CDS Powered by Apache Spark Version | Supported CDP Versions |
---|---|
3.3.0.3.3.7180.0-274 | CDP Private Cloud Base with Cloudera Runtime 7.1.8 |
A Spark 2 service (included in CDP) can co-exist on the same cluster as Spark 3 (installed as a separate parcel). The two services are configured to not conflict, and both run on the same YARN service. Spark 3 installs and uses its own external shuffle service.
Although Spark 2 and Spark 3 can coexist in the same CDP Private Cloud Base cluster, you cannot use multiple Spark 3 versions simultaneously. All clusters managed by the same Cloudera Manager Server must use exactly the same version of CDS Powered by Apache Spark.
Software requirements
Each cluster host must have the following software installed:
- Java
- JDK 8 or JDK 11. Cloudera recommends using JDK 8, as most testing has been done with JDK 8. Remove other JDK versions from all cluster and gateway hosts to ensure proper operation.
- Python
- Python 3.7 - 3.10
Each cluster host with a GPU must have the following software installed:
- Java
- JDK 8 or JDK 11. Cloudera recommends using JDK 8, as most testing has been done with JDK 8. Remove other JDK versions from all cluster and gateway hosts to ensure proper operation.
- Python
- Python 3.7 - 3.10
- GPU drivers and CUDA toolkit
-
GPU driver v450.80.02 or higher
CUDA version 11.0 or higher
Download and install the CUDA Toolkit for your operating system. The toolkit installer also provides the option to install the GPU driver.
- NVIDIA Library
- NVIDIA RAPIDS version 22.06. For more information, see NVIDIA Release Notes
- UCX (Optional)
-
Clusters with Infiniband or RoCE networking can leverage Unified Communication X (UCX) to enable the RAPIDS Shuffle Manager. For information on UCX native libraries support, see (Optional) Installing UCX native libraries.
Hardware requirements
CDS 3.3 Powered by Apache Spark has no specific hardware requirements on top of what is required for Cloudera Runtime deployments.
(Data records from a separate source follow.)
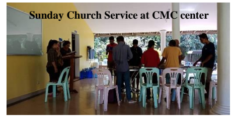
Sunday Church Service at CMC center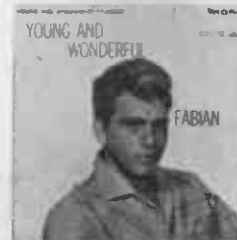
FABIAN H.M.V. CLP1433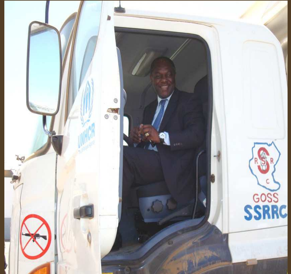
15 Hino Trucks donated by the SSRRC to facilitate repatriation of refugees to South Sudan 9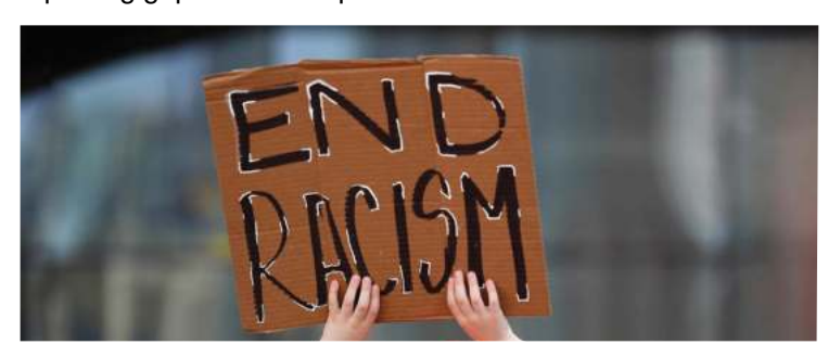
Figure 9: Battling divid e: Rooting out injustice requires collective will of society, whether it is racial bias in the US or caste and communal considerations in India (The Tribune, n.d.).

uncover perpetrators' motives. Law enforcement officials can also design and carry out hate crime victimization surveys with hate-crime specific questions. Eventually this mechanism will allow law enforcement and policy makers to understand the reporting gap and develop measures to address it.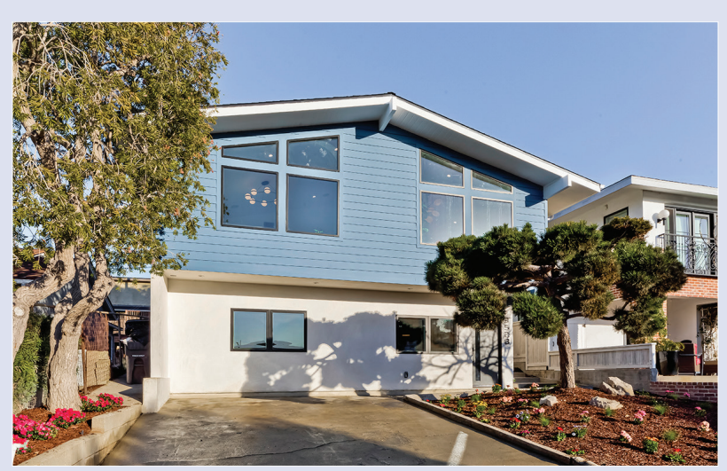
3528 Walnut Ave $3,195,000 5 Beds/3.5 Bath - 2,790 Sq. Ft., 4,645 Sq. Ft. Lot

Mere moments from the shore and a stone's throw from the shops and restaurants of Manhattan Beach, this home has just completed top-to-bottom renovations. Everything from floors to finishes is brand new and particular attention has been paid to a meticulous design aesthetic that is as classic mid-century as it is fresh for today's most stylish occupants. Located in the award winning Manhattan Beach School District and nestled in a beautiful, family-friendly neighborhood, this is an opportunity not to be missed.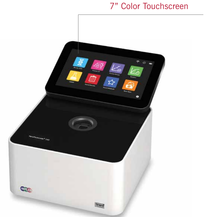
7" Color Touchscreen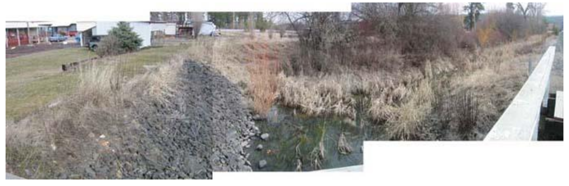
Figure 24: UPRR Bridge about 1/8 mile upstream of Bowdish Road. Looking upstream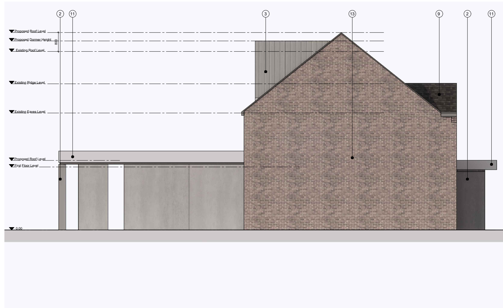
PROPOSED SIDE ELEVATION TO No. 59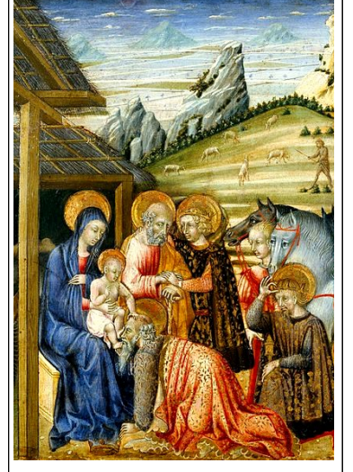
The Adoration of the Magi by Giovanni di Paolo, c. 1460. Metropolitan Museum of Art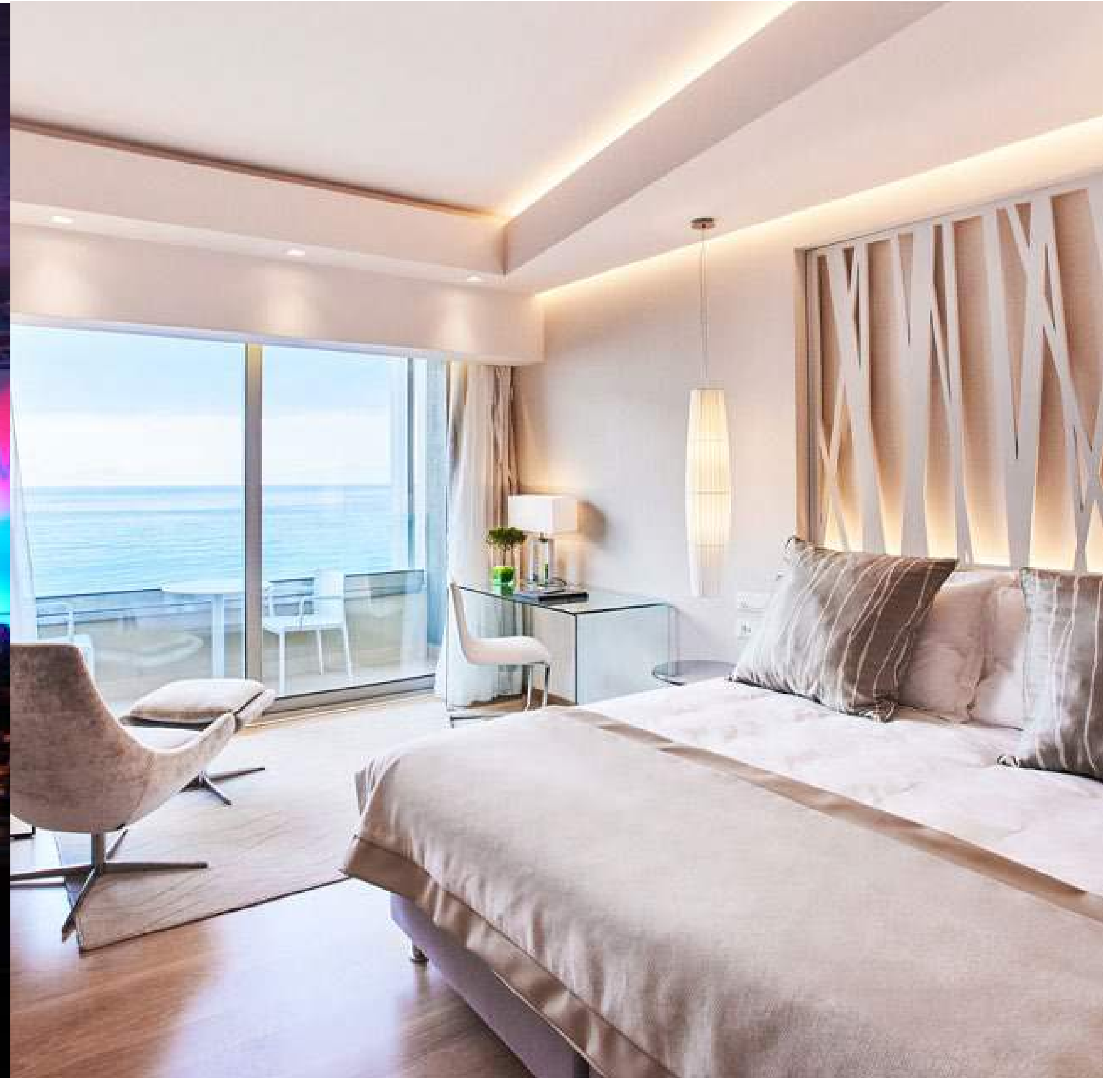
Event at Zeus Hall, Rodos Palace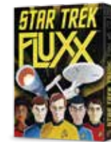
Star Trek Fluxx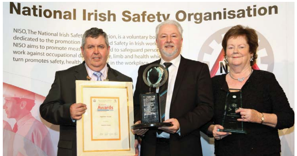
Masonite Ireland; Supreme Award winners 2010

This year's NISO/NISG awards include a number of new business categories, including education and training, facilities management and services, financial / insurance, sport / leisure, waste management and road finishing contractors. The 2011 awards scheme also sees the introduction of a new award category called the 'Commended Award'. Organisations achieving this new award category must demonstrate the existence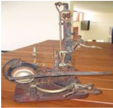
Untitled (Typewriter) – Typewriter parts, timber 17 x 17 x 25 cm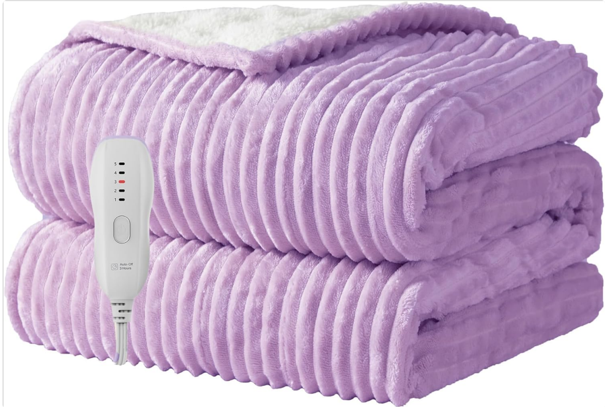
Image: The Texciting Heated Blanket Electric Throw, folded, with its detachable controller. This image illustrates the product's appearance and the controller's connection point.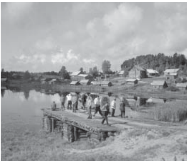
The participants of the outing of the War History Society in autumn 2002 are taking pictures of Nurmoila village in Olonets region.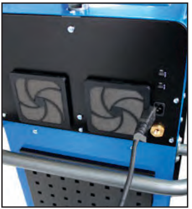
Convenient 110V/220V outlet on back for easy re-charging! Can also be charged while welding. Load test of battery system included.

The Hybrid Spot comes with a variety of extension arms to accommodate any welding job. Switching between extension arms is easy with the Hybrid Spot, simply loosen the handle to pull off the C-Arm & insert the new extension arm.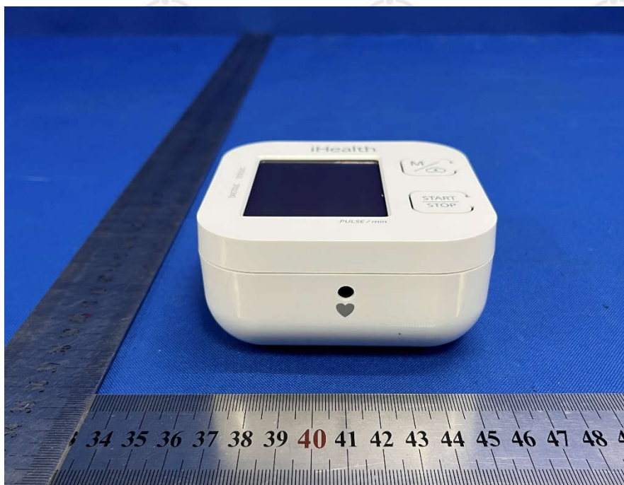
View of Product-06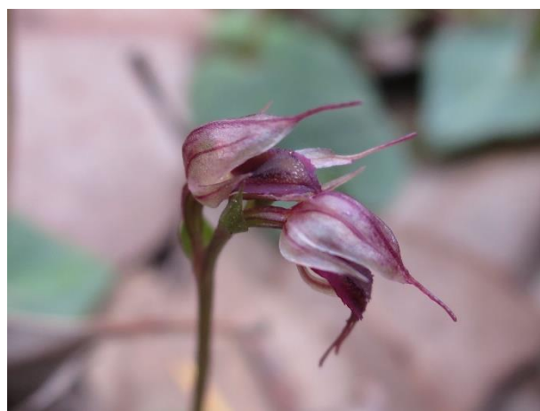
Acianthus collinus (KN)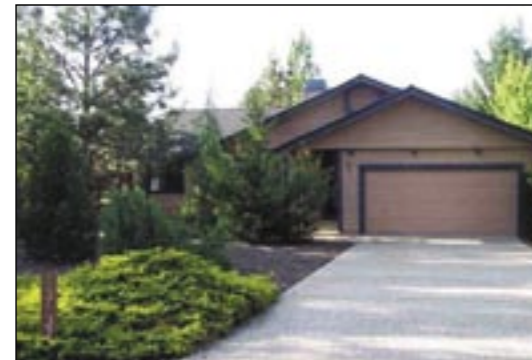
Level, Move in Condition... 3bd/2ba; newer 40 yr. comp roof; HVAC, carpet, water heater; covered 230 sf back deck (could be enclosed for more space) overlooking lg. level back yard. (MLS# 1025496) $429,000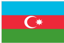
Government of Azerbaijan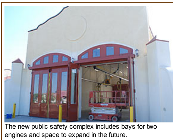
The new public safety complex includes bays for two engines and space to expand in the future.

"As we grow, we need to continue to improve our public safety and this new fire station and emergency operations center shows our commitment," Landers said. "Perris continues to be a progressive and aggressive City."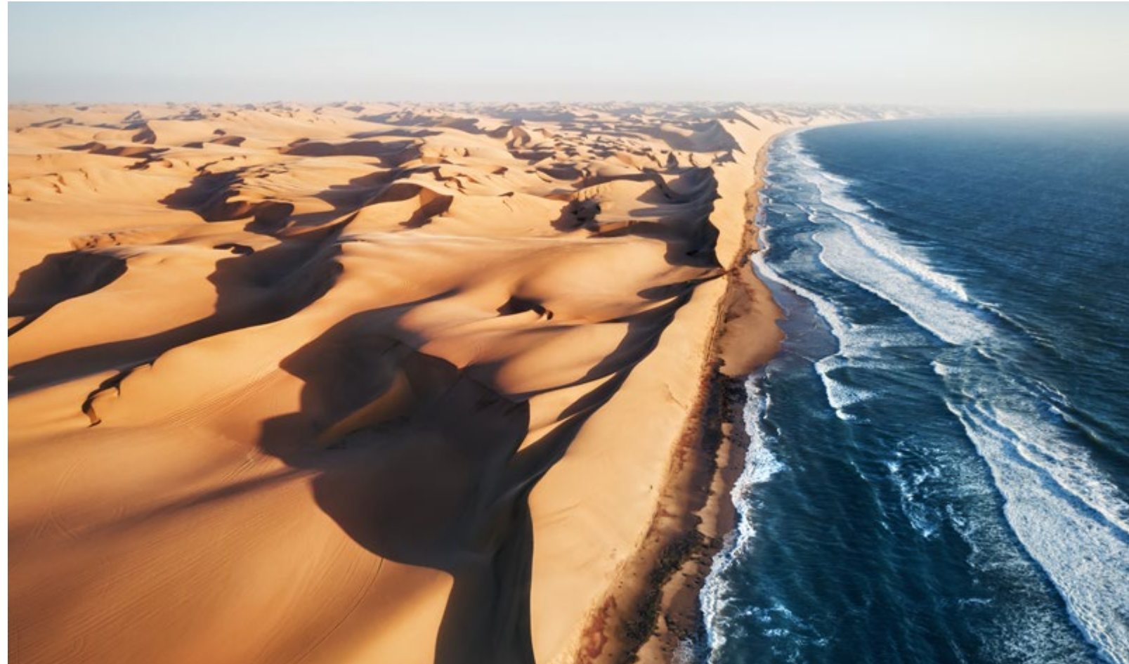
Place where Namib desert and the Atlantic ocean meets, Skeletoncoast, South Africa, Namibia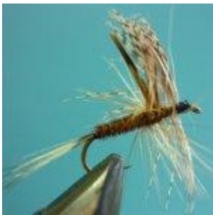
March Brown dry Hook size 12 - 16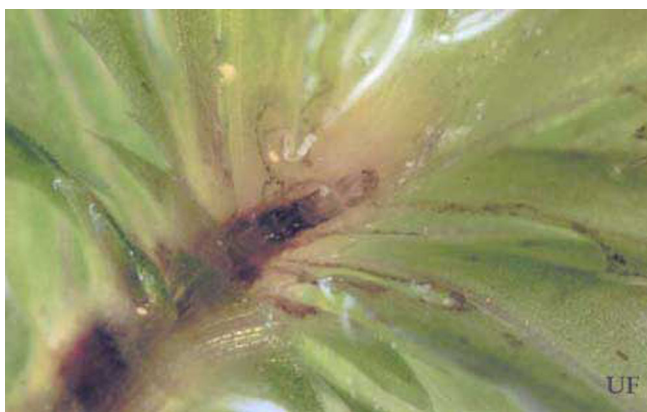
Figure 5. Hydrilla tip damage and larva of "hydrilla tip mining midge," Cricotopus lebetis Sublette.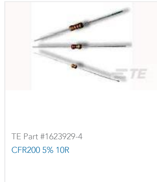
TE Part #1623929-4 CFR200 5% 10R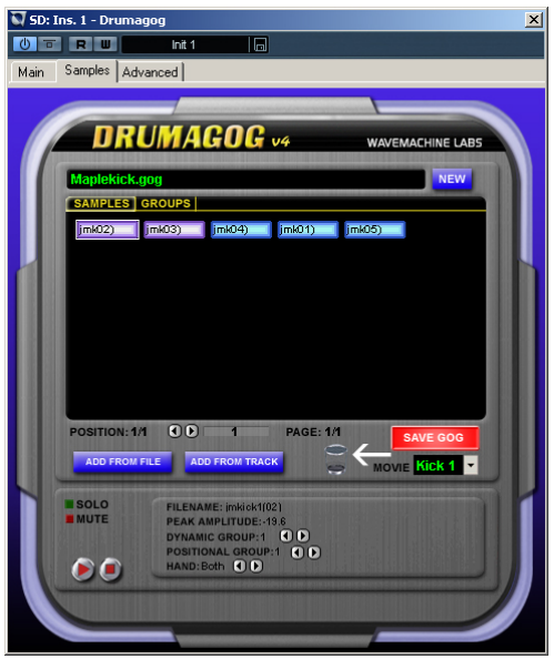
Fig. 23 - Recycle Bin

Removing a sample from the sample box is accomplished by dragging the sample into the recycle bin, located in the center of the samples page (see fig. 23). Deleting a sample from the sample box does not permanently delete it from the hard drive. Right-clicking on a sample also provides an option for deleting a sample.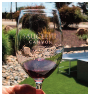
More wine tasting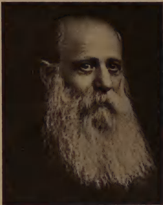
MOSES LÖB LILIENBLUM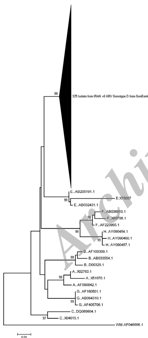
Figure 2. Neighbor joining phylogenetic analysis based on the alignment of the RT gene region (approximately 750-bp) of 325 HBV isolates from Iran as well as other HBV genotypes from Gen Bank as reference. Bootstrap values indicate 1000-fold replicates. Due to clarity, the 325 isolates from Iran and 6 reference genes of HBV genotype D was collapsed. Woolly monkey HBV was used as the out-group sequence.

The phylogenetic tree was constructed using the alignment of HBVRT region of patients (325 isolates from this study) along with different HBV genotype (A to H) sequences retrieved from the Gen Bank as reference genes. The phylogenetic tree revealed that all Iranian isolates were branched with other genotype D of HBV reference isolates with a high boot strap value, 99%, 1000 \times replicates (Figure 2).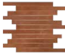
1"x12" Stagger Stack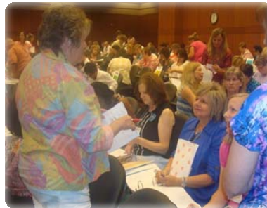
Participants connecting as part of the networking activity.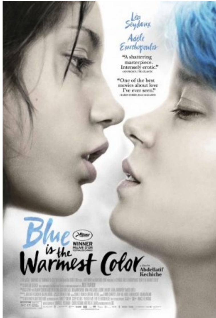
Blue is the Warmest Color

CDS 3.3 with GPU Support requires cluster hosts with NVIDIA Pascal™or better GPUs, with a compute capability rating of 6.0 or higher.
For more information, see Getting Started at the RAPIDS website.
Cloudera and NVIDIA recommend using NVIDIA-certified systems. For more information, see NVIDIA-Certified Systems in the NVIDIA GPU Cloud documentation.